In the previous part we created a website where users can generate GIF animations using Emoji, domain-specific language (DSL) and a Canvas. In this post we'll upgrade our animations to talkies!
Intro
I thought that it'd be funny to create animations where Emoji can talk. I already had Emoji moving around and displaying phrases as text. Obviously it was missing sound. In this article I'll show you how I added it!
tl;dr: try this animation
⚠️ warning: contains sound!
Text-to-Speech
Accidentally I stumbled upon "Text To Speech In 3 Lines Of JavaScript" article (thanks, @asaoluelijah!) and that "3 lines" quickly migrated to my project.
const msg = new SpeechSynthesisUtterance(); msg.text = 'Hello World'; speechSynthesis.speak(msg); // ☝️ You can run this in the console, BTW
Surely "3 lines" turned out to be 80. But I'll get to that later.
Text-to-Speech — is a part of browser Web Speech API that allows us to read text out loud and recognize speech.
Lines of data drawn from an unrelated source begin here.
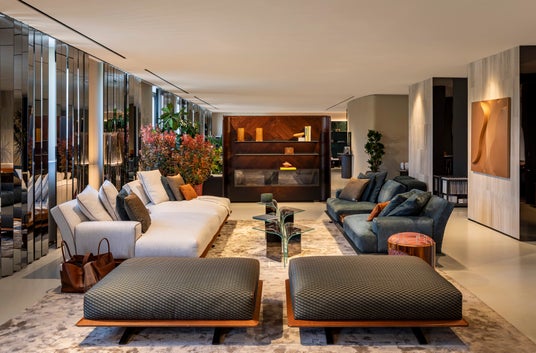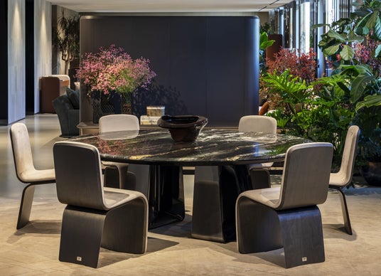 - 家具には、木材・大理石・カシミアなど自然由来の贅沢な素材を使用。マットな質感や異素材の組み合わせが、手触りでも楽しめる豊かな表情を生み出す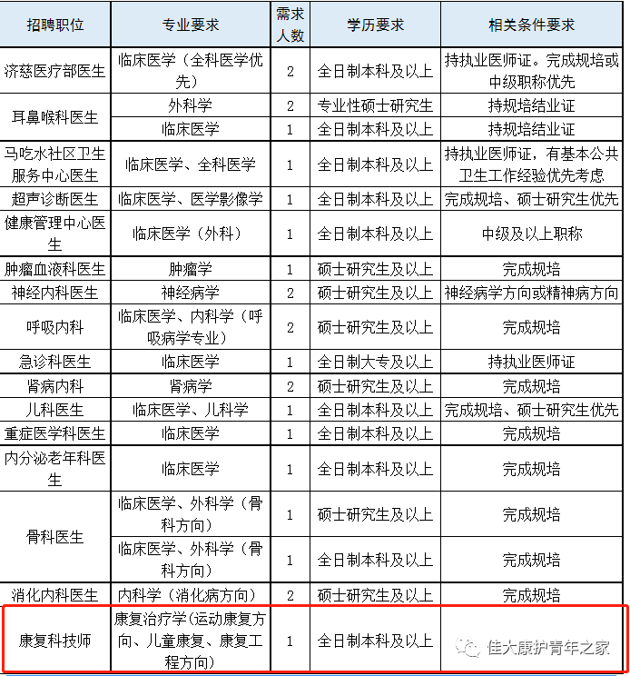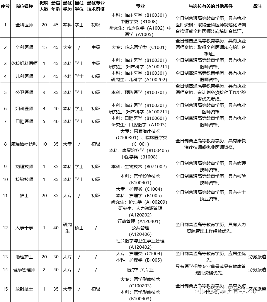 注:以上岗位,均要求年龄35周岁及以下。如个人服从调剂,医院根据考核情况调剂到空岗应聘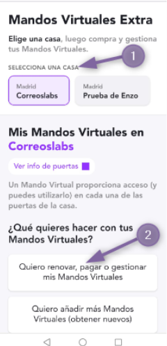 En la siguiente pantalla, primero selecciona tu casa y luego pulsa en "Quiero renovar, pagar o gestionar mis Mandos Virtuales":

But before we can go further with adding Text-to-Speech to animation, I need to show you how I rendered animation in the first place.
Animation and RxJS
After parsing DSL and rendering it to canvas (see part I), I had an array of frames:
[ { image: 'http://.../0.png' , phrases: [ 'Hello!' ] , duration: 1000 } , { image: 'http://.../1.png' , phrases: [ 'Hi!' ] , duration: 1000 } ]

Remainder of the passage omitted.